9 Gravity Waves in the Presence of Shear during DEEPWAVE

Monday, 27 June 2016
Green Mountain Ballroom (Hilton Burlington )
James D. Doyle, NRL, Monterey, CA; and Q. Jiang, P. A. Reinecke, C. A. Reynolds, S. D. Eckermann, D. C. Fritts, R. B. Smith, M. J. Taylor, A. Doernbrack, and M. J. Uddstrom

In this study, we utilize the DEEP propagating gravity WAVE program (DEEPWAVE) observations and the nonhydrostatic COAMPS configured at high resolution (2 km) with a deep domain (60-80 km) to explore the effects of horizontal wind shear on gravity wave propagation and wave characteristics. DEEPWAVE is a comprehensive, airborne and ground-based measurement and modeling program centered on New Zealand. The goal of DEEPWAVE is to advance our understanding of gravity wave dynamics and impacts from the troposphere through the mesosphere and lower thermosphere. The NSF/NCAR GV (NGV) research aircraft was the primary observational platform and deployed from a base in New Zealand during the 6-week field measurement campaign in June-July 2014.
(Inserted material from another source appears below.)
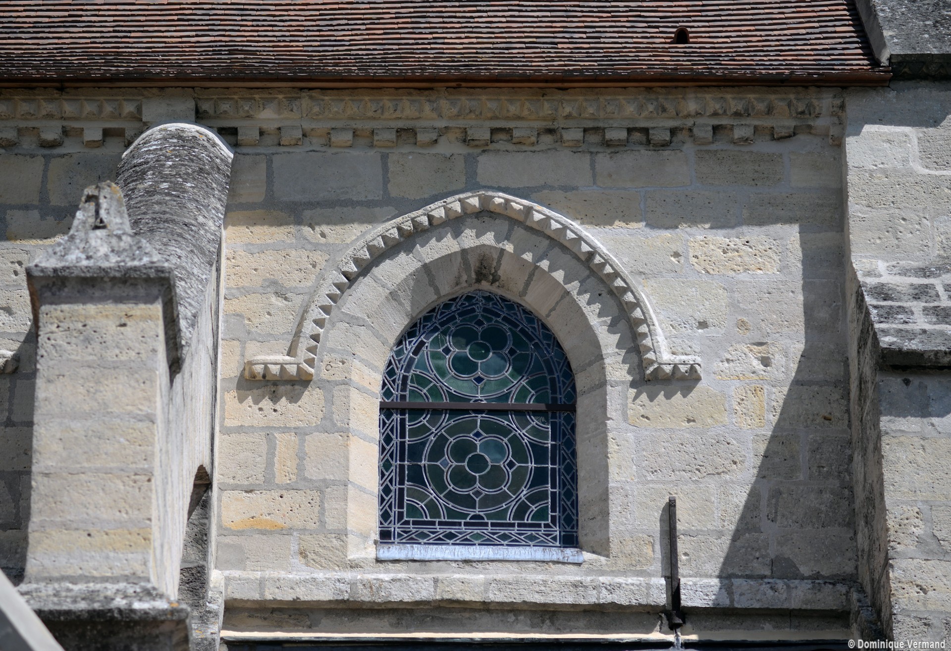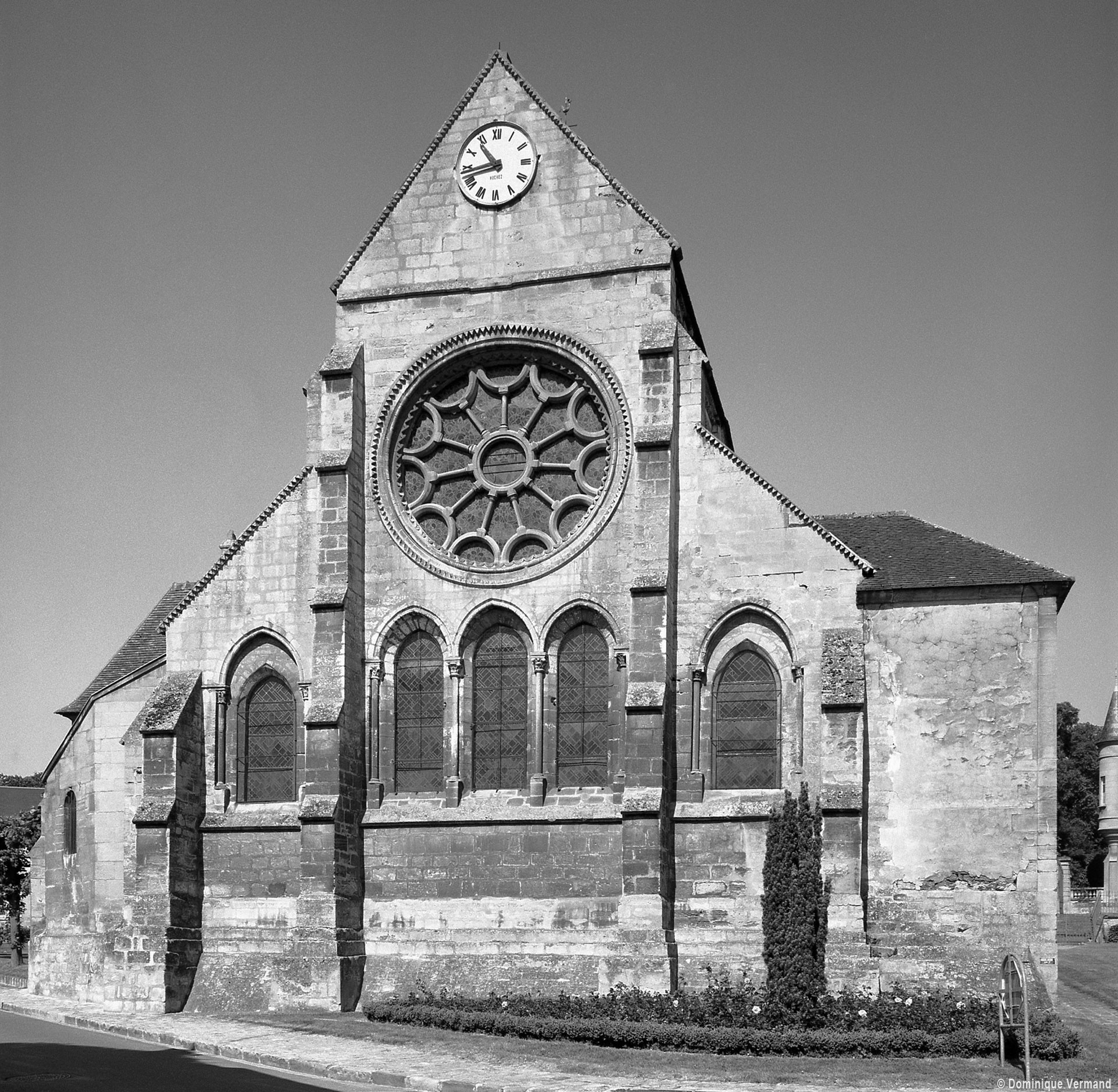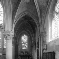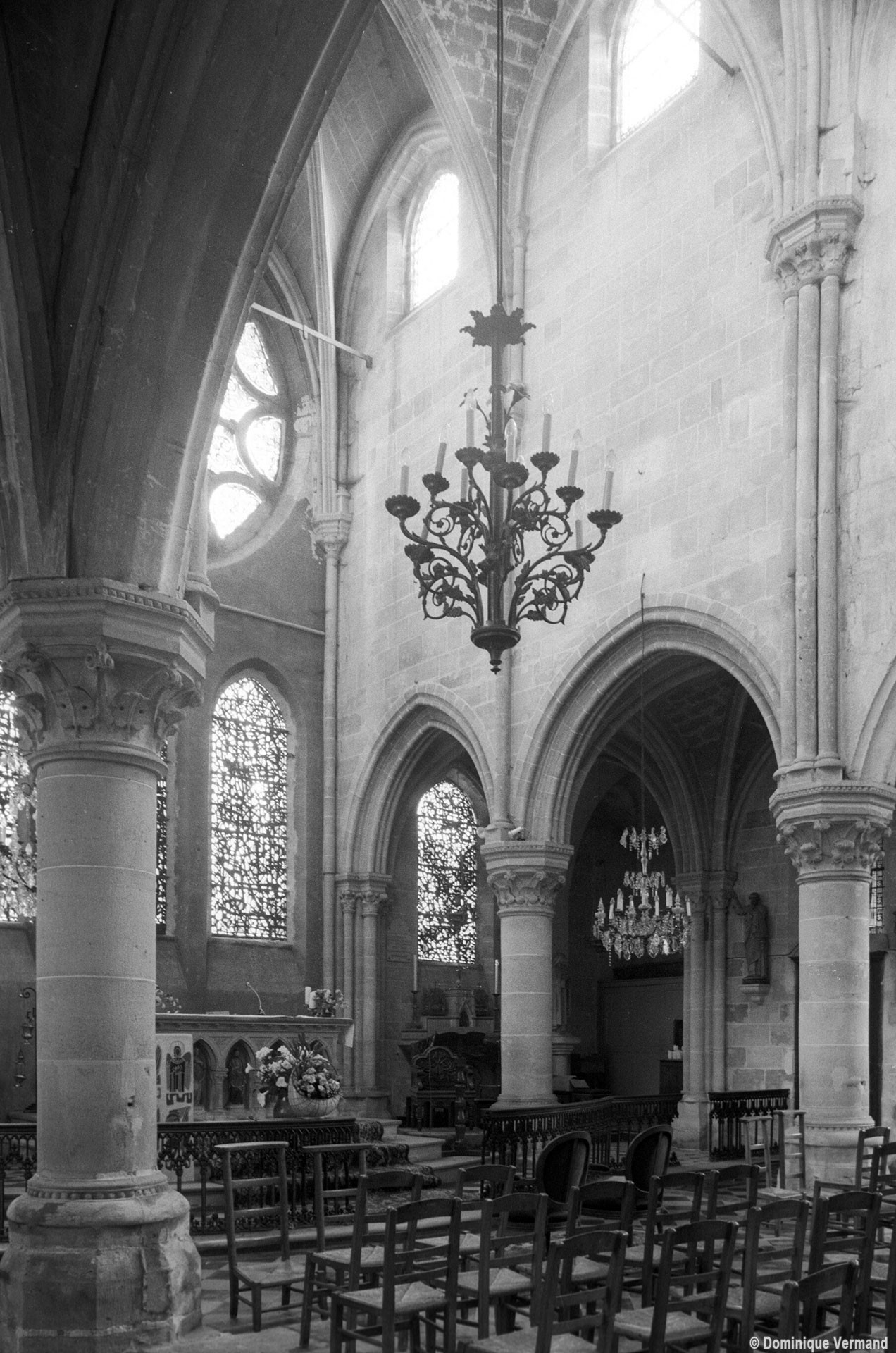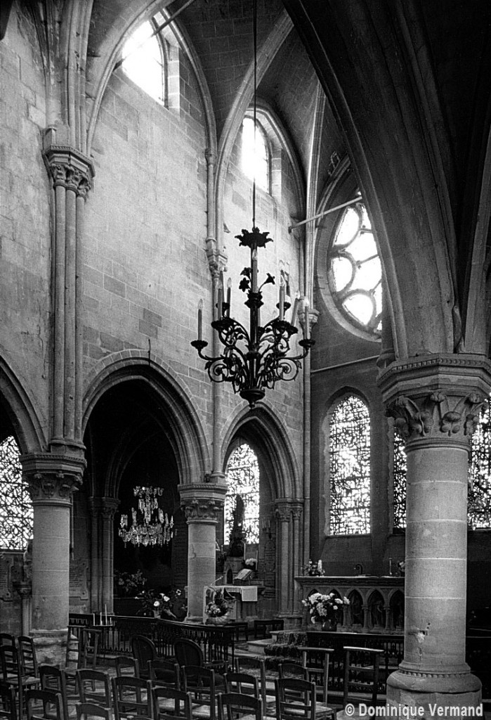 Partie la plus ancienne de l’église, la dernière travée a été bâtie à la fin du 12e siècle. Elle est couverte d’une voûte sexpartite retombant sur des piles circulaires et constitue un bon exemple de l’influence exercée alors autour de Paris par la cathédrale Notre-Dame. Caractérisée par la présence d’une très importante portion de mur nu entre les grandes arcades et les petites fenêtres hautes, littéralement “coincées” sous l’arc formeret, son élévation est, en esprit puisse qu’ici il n’y a pas de tribunes, et toutes proportions gardées, d’un effet très proche de celle que présentait primitivement la cathédrale parisienne.

Real-data simulations have been conducted for several DEEPWAVE intensive observing periods (IOPs). The results suggest that horizontal shear associated with the stratospheric polar night jet refracts the gravity waves and leads to propagation of waves significantly downwind of the South Island of New Zealand. These waves have been referred to as “trailing gravity waves”, since they are found predominantly downwind of the orography of the South Island and the wave crests rotate nearly normal to the mountain crest. Observations from the G-V, remote sensing instruments (AMTM, Rayleigh lidar), and the AIRS satellite confirm the presence of gravity waves downwind of the orography in numerous events during DEEPWAVE. The horizontal propagation in the stratosphere can be explained by group velocity arguments for three-dimensional gravity waves in which the wave energy is advected downwind by the component of the flow normal to the horizontal wavevector. We further explore the impact of the shear on gravity wave propagation in COAMPS configured in an idealized mode initialized with a zonally balanced stratospheric jet. The idealized results confirm the importance of horizontal wind shear for the refraction of the waves. Furthermore, the zonal momentum flux minimum is shown to bend or refract into the jet in the stratosphere as a consequence of the wind shear.